The Turn
Page 10
“You’ve only been farming without horses for forty years out of thousands.” Clearly warm again, Orchid darted up, her hands on her hips as she inspected the atomized demon fat on the ceiling until she realized what it was and flew to the windowsill, clearly shaken. “The only good human is a dead human,” she said as she landed next to the tomato sitting there. An entire field of them lay beyond the thick glass, out of her reach with the door closed.
“Everyone needs humans, Orchid. Besides, I don’t want the enclave angry at me.”
Orchid ran a hand over the tomato, then rubbed her hands, a frown on her face. “Why would they be mad at you? She’s the one who tweaked it.” She looked at her fingers as if they were dirty. “Dude. This tomato is fuzzy.”
“If I can’t prove that her tweaks to the tactical virus are faulty, I’ll never be able to prove her theory to use donor viruses is dangerous,” he said as he shoved his chair over to the shelf to look at the tomato. “And it is.” He took it up, seeing that it was, indeed, fuzzy. It was irritating. That her fix was perfect, not that her tomato was fuzzy. His research to save their species would falter and die without funding, a surety if he couldn’t bring Trisk down.
Orchid stood at his eye level, her wings drooping as he felt the fuzz between his fingers. It must be part of what made the tomato so drought resistant. “How can it be any good? It’s fuzzy,” she said, and he set it back down.
“It’s put together even tighter than Daniel’s virus,” he muttered. Somehow, she’d taken a sterile tomato cultivar that had most of the required traits, bettered it, and then gotten it to breed true. He could almost hear his work slipping into obscurity, and his chest tightened. He couldn’t save his species if he had no lab, no funds. Her work can’t be better than mine.
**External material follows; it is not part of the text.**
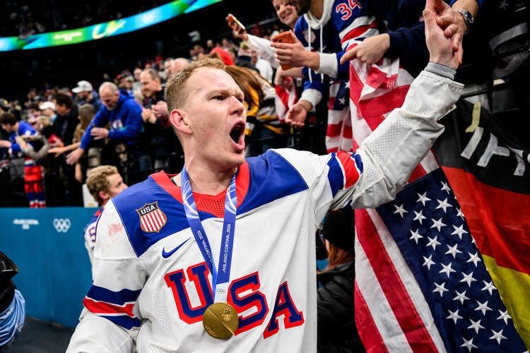 13. Отойдём ненадолго от церемонии и вспомним главные события Олимпиады. Несомненно, главное из них случилось в последний день игр – сборная США сенсационно обыграла Канаду (2:1 ОТ), которая привезла всех своих звёзд из НХЛ. Обе команды забивали по пять-шесть шайб на групповом этапе, но в этот же раз забили три шайбы на двоих. Последняя, как это должно быть в таких матчах, случилась в овертайме. Для США это первая победа на Олимпиаде в хоккее с 1980 года.

Frustrated, he pushed himself away from the shelf, the chair rolling back under the demon smoke ring and to the other terminal. He’d been searching the mainframe all night, and he still hadn’t found any hint of the universal donor virus she must have used to accomplish it. If he could find that, he could prove it was unsafe. Maybe.
“Mind if I give it the pixy test?” Orchid said, and Kal shook his head, his fingers a fast staccato on the keys as he went to the main menu to search again. “Smells good,” the small woman said behind him. “Not so sure about the fuzz.” Kal started, surprised, when he heard her punch it, and smiled at the obvious smacking of her lips. Unless Orchid had found something in the corridor, she hadn’t eaten in several hours.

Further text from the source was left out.